Fue la figura política más importante de la Ilustración en España y referente del llamado “partido aragonés“, promotor de la modernización de Aragón.

Retrato del militar y político español Pedro Pablo Abarca de Bolea (1719-1798), X conde de Aranda

Pedro Pablo Abarca de Bolea (1719-1798), X conde de Aranda. Retrato pintado por Joaquín Inza y conservado en la Colección de la Casa de Alba

Estuvo al servicio de cuatro reyes: Felipe V, Fernando VI, Carlos III y Carlos IV, y entre sus cargos llegó a ser el capitán general más joven de Carlos III, embajador en Portugal (1755-56), director general de Artillería e Ingenieros (1756-58), embajador en Polonia (1760-62), general jefe del ejército invasor de Portugal (1762-63), presidente del Alto Tribunal Militar que juzgó a los oficiales que perdieron La Habana, conquistada por los ingleses (1764-65), capitán general, presidente de la Audiencia y virrey de Valencia (1765-66), presidente del Consejo de Castilla y capitán general del mismo reino (1766-1773), embajador y ministro plenipotenciario de España en París (1773-1787) y, finalmente, secretario interino de Estado o primer ministro de Carlos IV (1792), para luego seguir como decano del Consejo de Estado (1793-94).

De la vinculación del conde de Aranda con Aragón quedan pruebas a través del célebre “partido aragonés” o de la Sociedad Económica Aragonesa de Amigos del País, donde manifestó su especial interés por las obras de Aragón, como la construcción del Canal Imperial de Aragón, o sus proyectos por hacer navegable el Ebro, o simplemente sus esfuerzos por paliar “tantos daños y abandonos que de siglos tienen aniquilado el Reino de Aragón”.

Nació en el castillo de Siétamo en el seno de una ilustre familia aragonesa. Se educó en Italia, en el Seminario de Bolonia y en Roma.

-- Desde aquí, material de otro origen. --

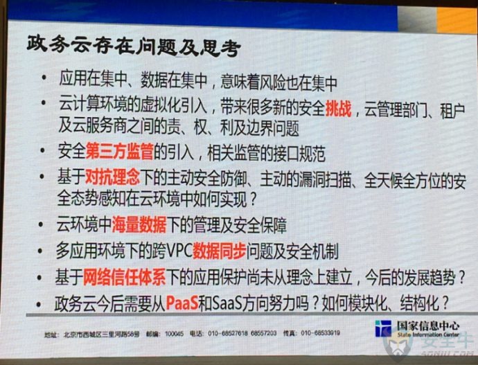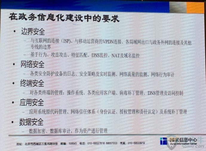 除此以外,还在遵循国家标准、参考国际相关标准的基础上,编写了《政务云安全要求》,规定了各级政府部门在使用电子云计算开展点在政务过程中应遵循的安全要求,并在今年2月份通过了专家评审。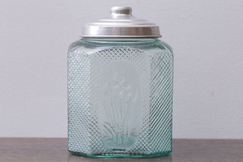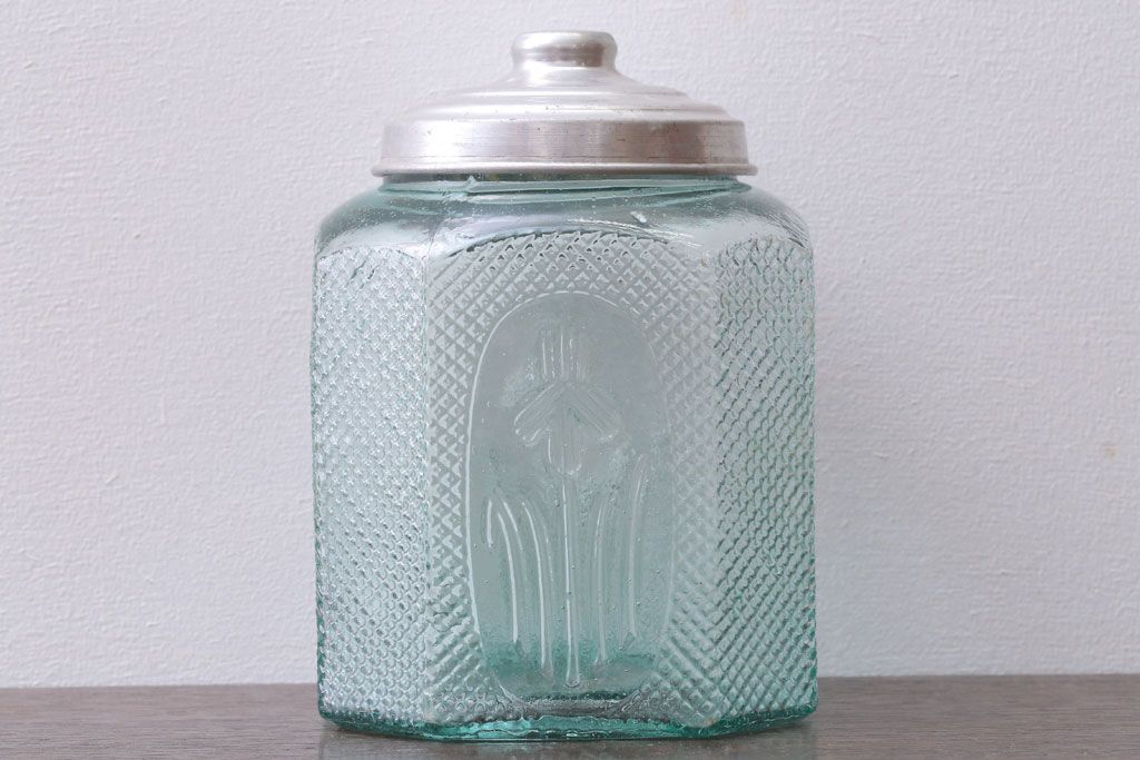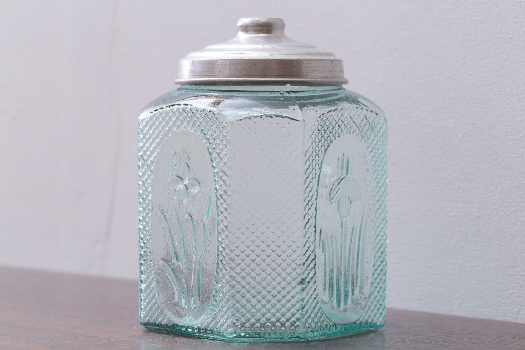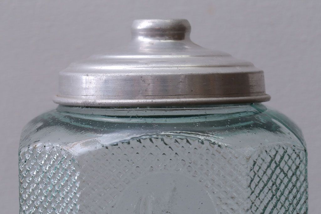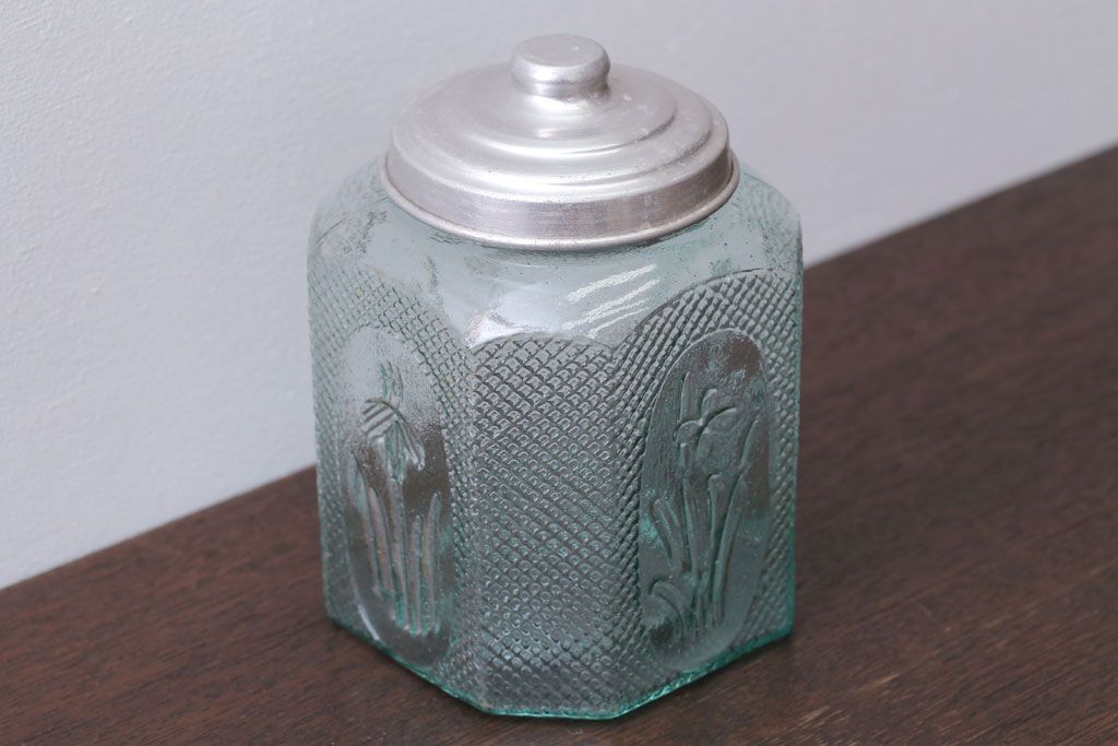 ラフジュ工房> 雑貨> ガラス瓶・花瓶 > アンティーク雑貨 昭和レトロ プレスガラスのアンティークキャンディーポット(砂糖壺)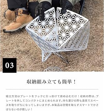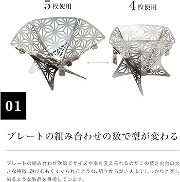 【コンパクトで変幻自在、組み合わせで何度も楽しめる和柄焚き火台】 プレートの組み合わせで型が変えられる伝統的な麻柄を用いたデザインの焚き火台です。組み立てから収納までコンパクトで、より焚き火を楽しめるようにデザインしています。ソロキャンプからグループキャンプまで、幅広いシーンでお使い頂けます。

Siendo muy joven realizó muchos viajes por toda Europa recibiendo una sólida y liberal formación que pronto hizo que se le identificara con los filósofos y enciclopedistas.

En 1740, consolidada su vocación militar, entró a servir en el ejército con el Marqués de Montemar y el general Gages. Más tarde se trasladó a Prusia, donde conoció a Federico el Grande; residió en París, visitó brevemente Londres y regresó a España.

Por su trabajo, y gracias a la protección de Ricardo Wall el rey Fernando VI le designó embajador en Lisboa; comenzaba así a tener influencias poderosas y a ganar popularidad. Reinando Carlos III fue nombrado embajador en Varsovia y obtuvo el grado de capitán general, con el cual encabezó el ejército español que invadió Portugal en 1762, con resultados desastrosos.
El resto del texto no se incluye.